C++ 如何获取指向类的虚拟 function 表的指针？

Question

Given:

Example.h

struct Base {
    virtual ~Def() = default;

    virtual void accept(struct DerivedVisitor* v) = 0;
};

struct Derived : Base {
    int num;
    void accept(struct DerivedVisitor* v) override;
};

struct DerivedVisitor {
    virtual void visit(Derived* d) = 0;
};

Example.cpp

#include "Example.h"

void Derived::accept(struct DerivedVisitor* v) {
    v->visit(this);
}

Say that I wanted to create an instance of Derived from "scratch". As it contains a virtual function, from Base , how would i get a hold of the address to its virtual function table so that i could do something like this:

main.cpp

#include <iostream>
#include <memory>
#include "Example.h"

struct Visitor : DerivedVisitor {
    void visit(Derived* d) override {
        std::cout << d->num << std::endl;
    }
};

int main() {
    int num = 5;
    
    // Create Derived instance from scratch
    auto der = malloc(sizeof(Derived));
    auto derBytes = static_cast<char*>(der);
    new (derBytes) void*(/*HERE I NEED POINTER TO Derived VFT*/); // <------------- How?
    new (derBytes + sizeof(Base)) int(num);

    // Just to see that it works:
    Base* base = reinterpret_cast<Derived*>(der);
    Visitor visitor{};
    base->accept(&visitor);

    free(der);
    return 0;
}

Is this compiler specific?
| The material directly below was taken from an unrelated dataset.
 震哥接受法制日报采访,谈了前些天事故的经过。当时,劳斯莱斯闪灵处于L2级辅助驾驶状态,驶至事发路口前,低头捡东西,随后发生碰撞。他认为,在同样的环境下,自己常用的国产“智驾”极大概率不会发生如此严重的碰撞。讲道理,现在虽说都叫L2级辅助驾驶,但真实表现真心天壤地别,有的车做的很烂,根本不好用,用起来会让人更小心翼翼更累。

If so, I am using MinGW if anyone is familiar with it.

Answer 1

Is this compiler specific?

Yes, this is compiler specific.

There is no such thing as a "virtual function table" in the C++ language. Such table is an implementation detail.
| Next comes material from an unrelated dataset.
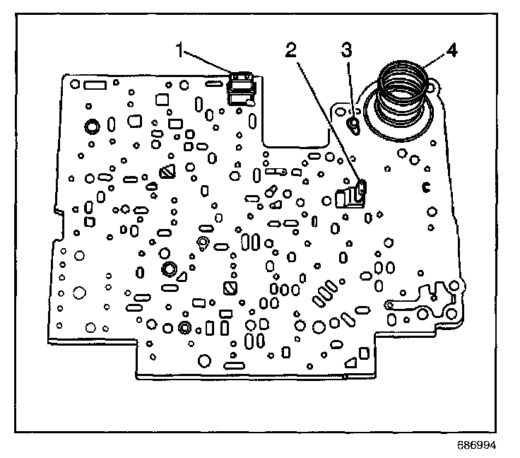 8. Place the 3-4 accumulator spring (4) on the spacer plate.

Given that such table doesn't exist in the language, there is also no way to get a pointer to the table in standard C++. Assuming your compiler has such thing as a virtual table (which is a reasonable assumption), then it may be possible that your compiler documents a way to access it. I doubt that however. You may have to do that in assembly language.